▶ DATA SHOWN:
#####
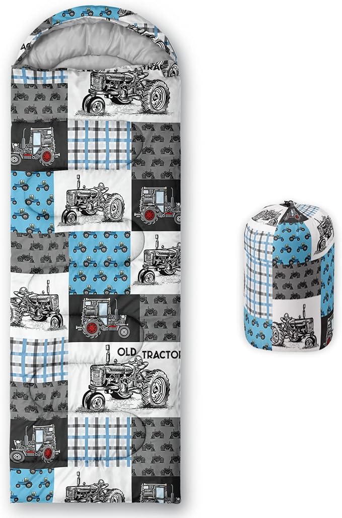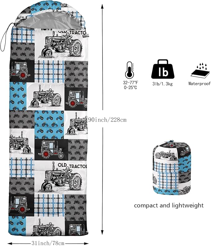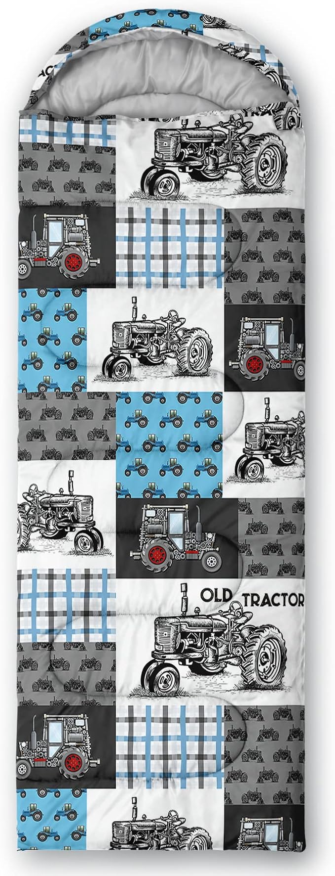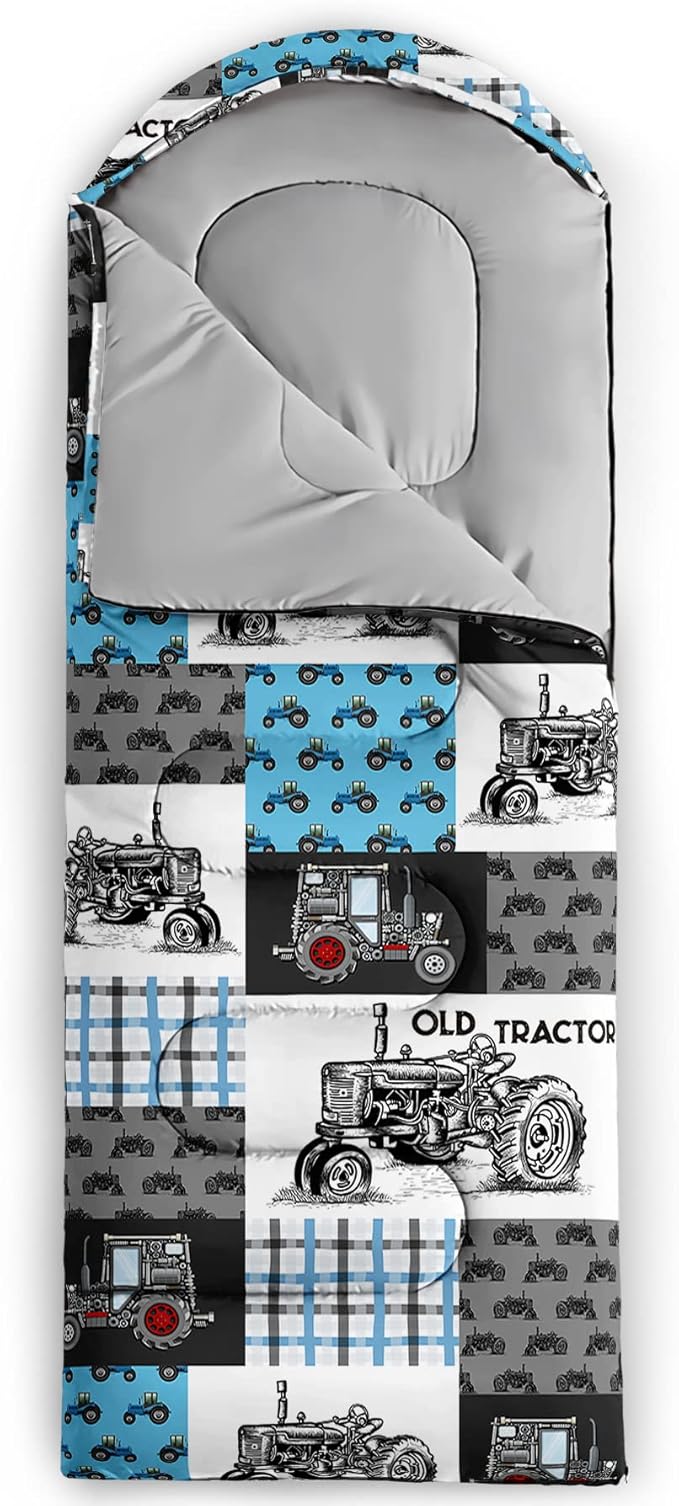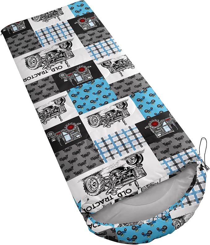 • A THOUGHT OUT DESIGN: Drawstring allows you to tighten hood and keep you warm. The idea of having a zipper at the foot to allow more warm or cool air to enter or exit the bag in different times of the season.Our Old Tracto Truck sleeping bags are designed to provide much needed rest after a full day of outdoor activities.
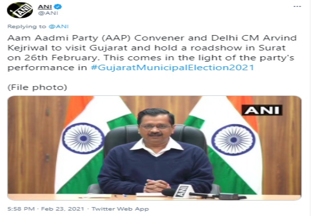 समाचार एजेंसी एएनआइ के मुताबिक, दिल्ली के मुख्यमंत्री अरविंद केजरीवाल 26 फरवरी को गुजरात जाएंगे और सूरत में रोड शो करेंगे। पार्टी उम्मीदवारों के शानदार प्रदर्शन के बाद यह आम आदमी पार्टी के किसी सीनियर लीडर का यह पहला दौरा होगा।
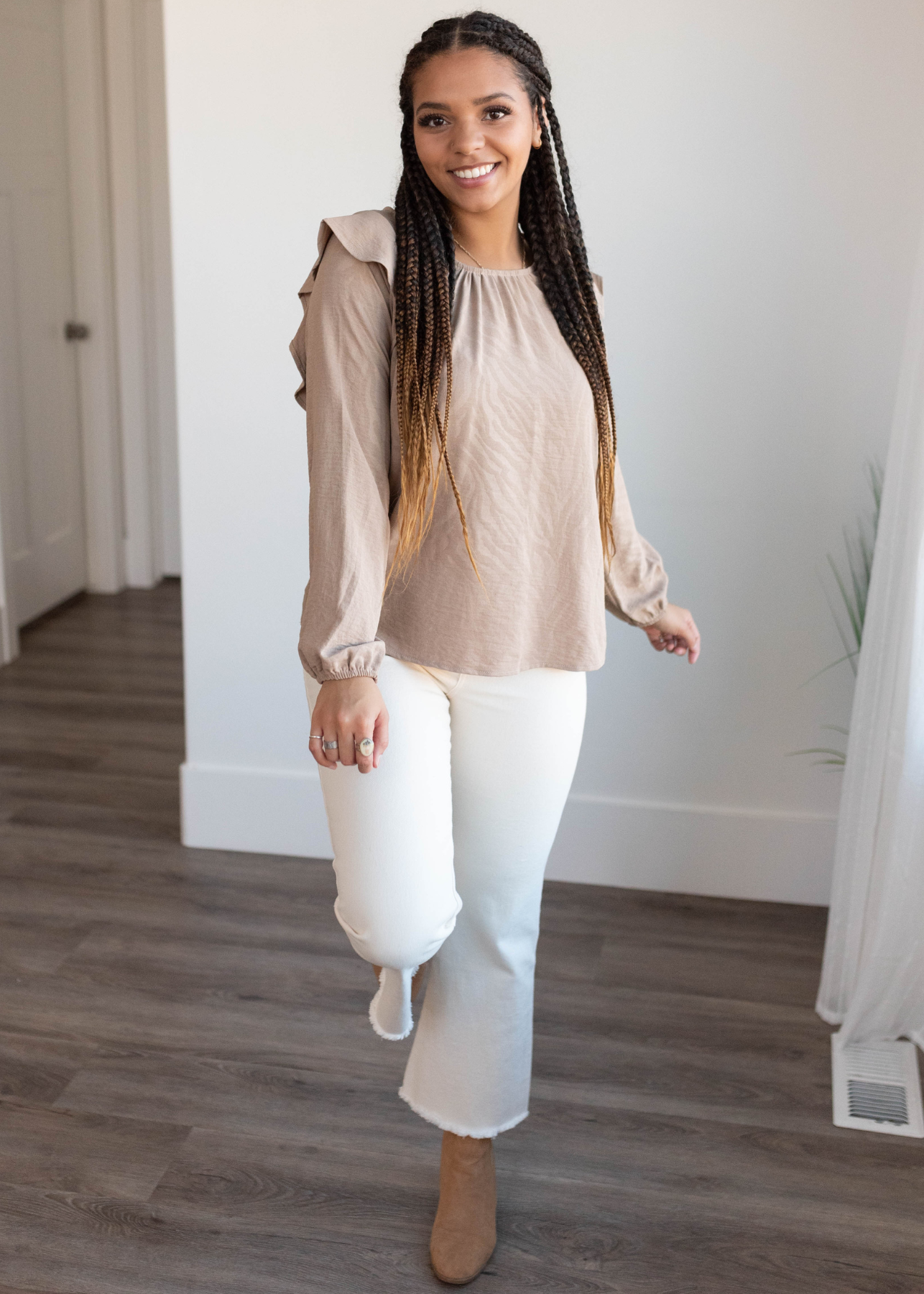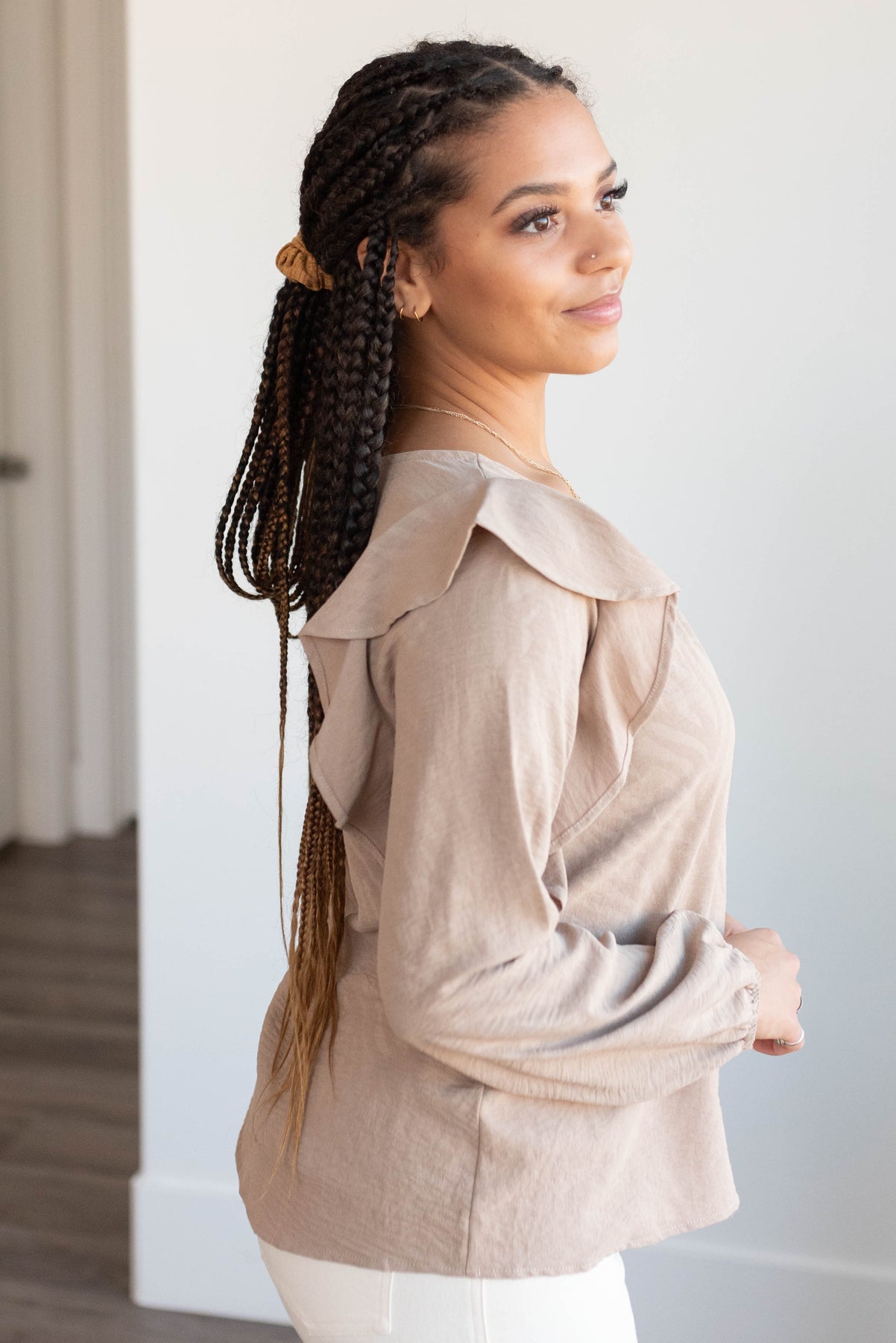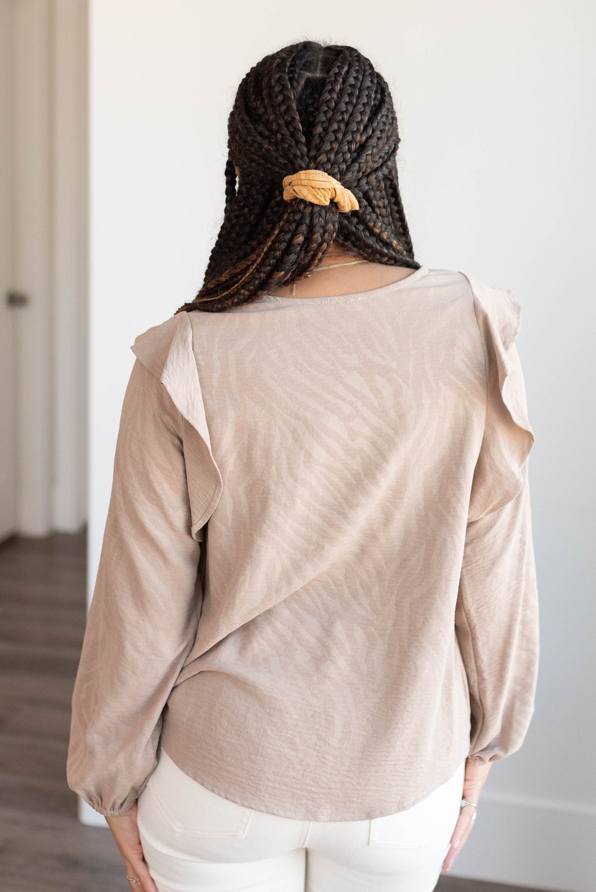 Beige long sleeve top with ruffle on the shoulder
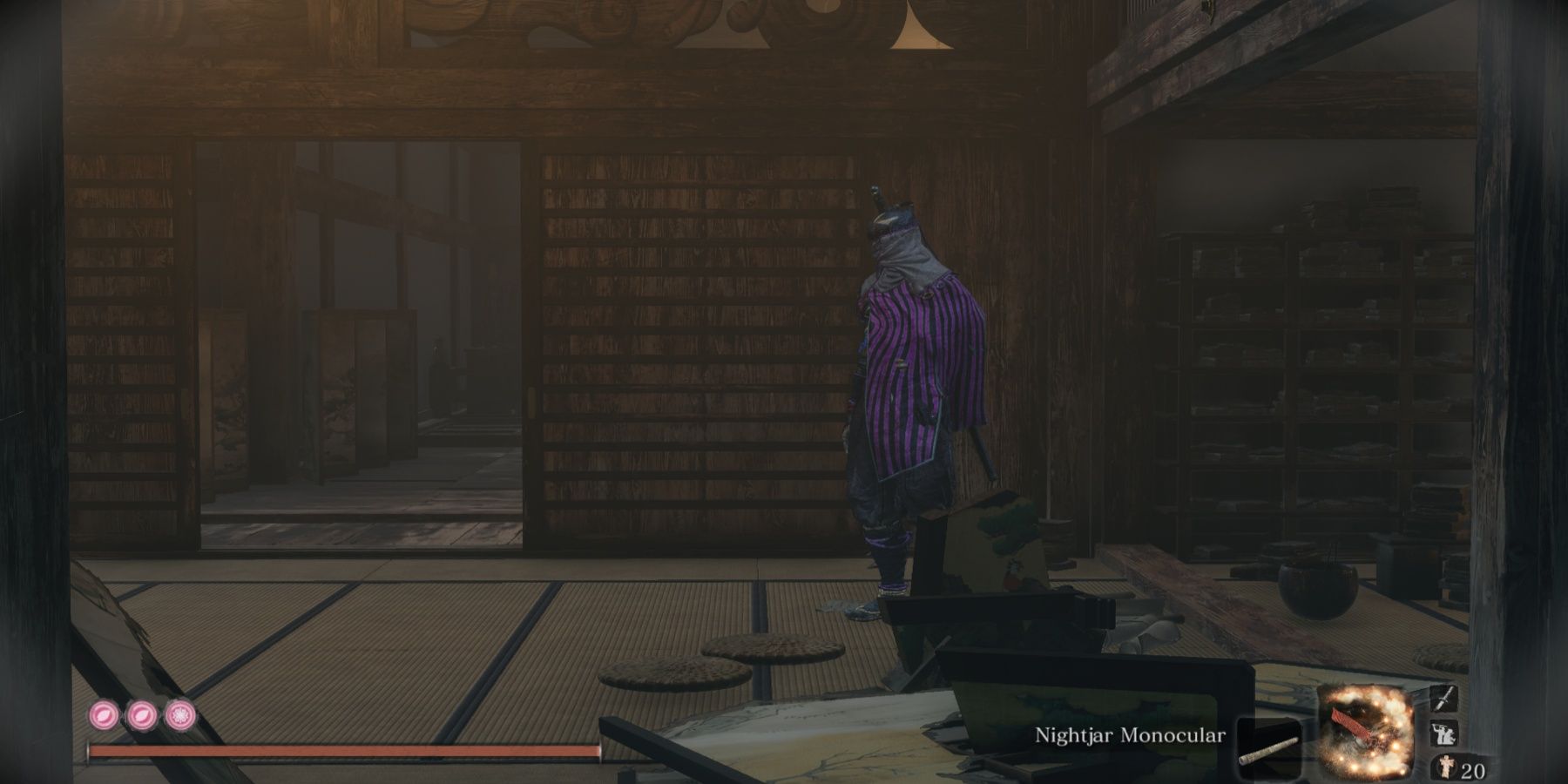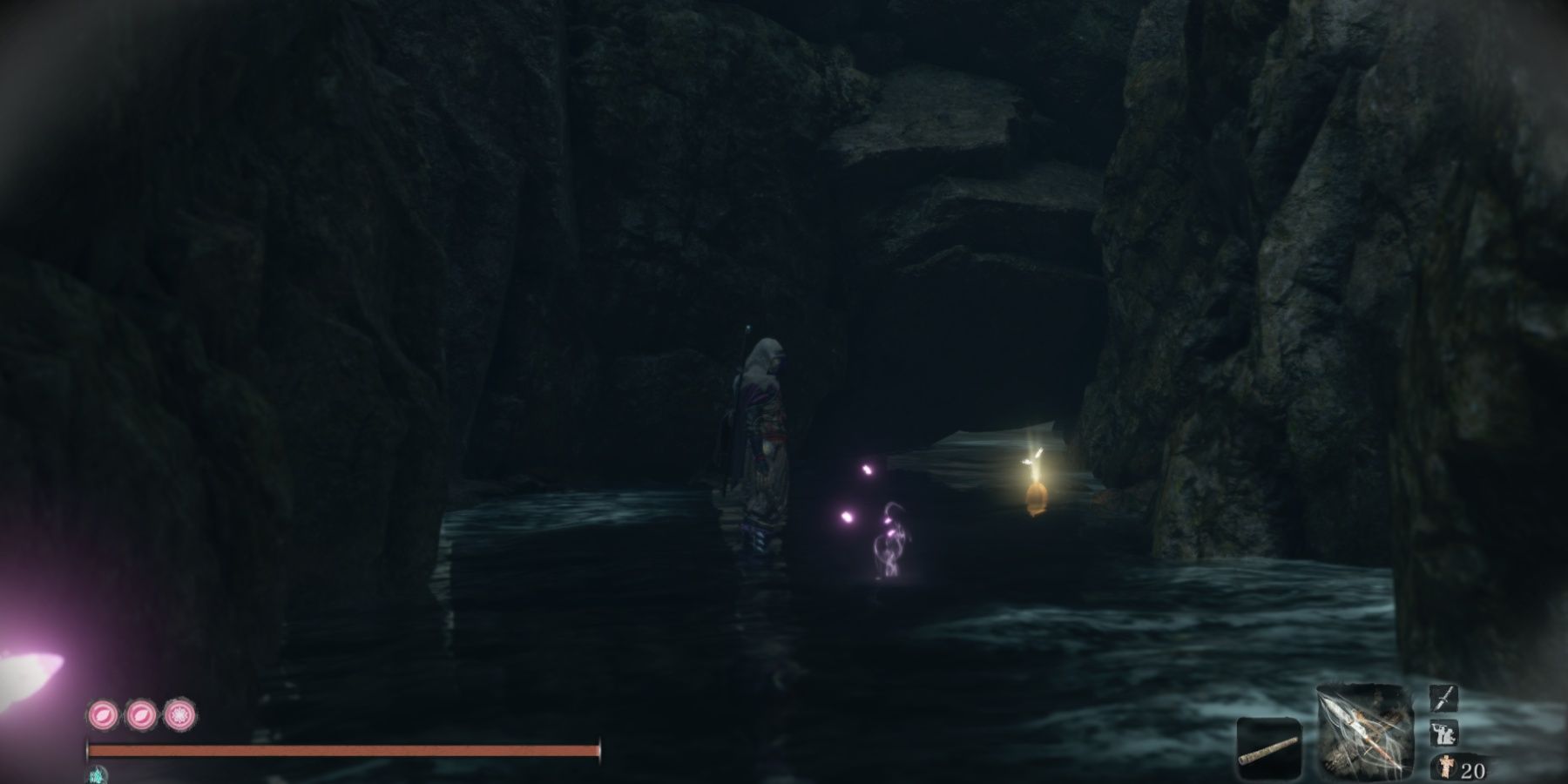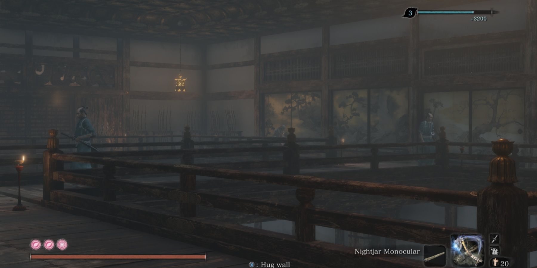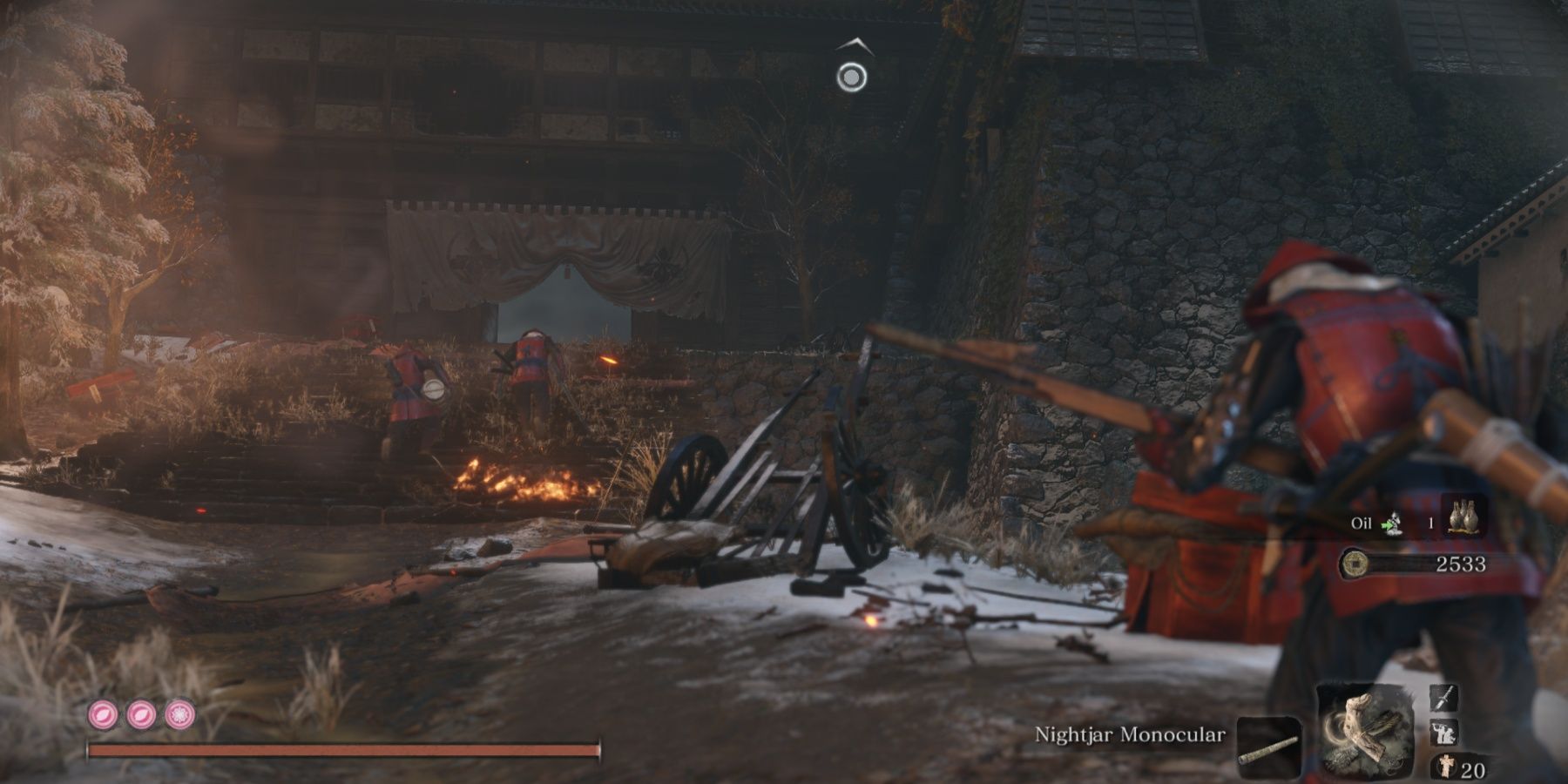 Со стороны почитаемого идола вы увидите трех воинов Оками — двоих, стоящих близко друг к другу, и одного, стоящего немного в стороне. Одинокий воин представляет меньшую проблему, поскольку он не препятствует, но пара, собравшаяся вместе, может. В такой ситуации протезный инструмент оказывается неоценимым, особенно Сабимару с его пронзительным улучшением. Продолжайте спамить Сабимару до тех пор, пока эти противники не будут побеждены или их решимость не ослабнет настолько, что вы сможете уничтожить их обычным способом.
#####
▶ EXERCISE OBJECTIVE:
For this exercise, retype the data above exactly and skip every image.

▶ ANSWER FOR THE TASK:
 • A THOUGHT OUT DESIGN: Drawstring allows you to tighten hood and keep you warm. The idea of having a zipper at the foot to allow more warm or cool air to enter or exit the bag in different times of the season.Our Old Tracto Truck sleeping bags are designed to provide much needed rest after a full day of outdoor activities.
 समाचार एजेंसी एएनआइ के मुताबिक, दिल्ली के मुख्यमंत्री अरविंद केजरीवाल 26 फरवरी को गुजरात जाएंगे और सूरत में रोड शो करेंगे। पार्टी उम्मीदवारों के शानदार प्रदर्शन के बाद यह आम आदमी पार्टी के किसी सीनियर लीडर का यह पहला दौरा होगा।
 Beige long sleeve top with ruffle on the shoulder
 Со стороны почитаемого идола вы увидите трех воинов Оками — двоих, стоящих близко друг к другу, и одного, стоящего немного в стороне. Одинокий воин представляет меньшую проблему, поскольку он не препятствует, но пара, собравшаяся вместе, может. В такой ситуации протезный инструмент оказывается неоценимым, особенно Сабимару с его пронзительным улучшением. Продолжайте спамить Сабимару до тех пор, пока эти противники не будут побеждены или их решимость не ослабнет настолько, что вы сможете уничтожить их обычным способом.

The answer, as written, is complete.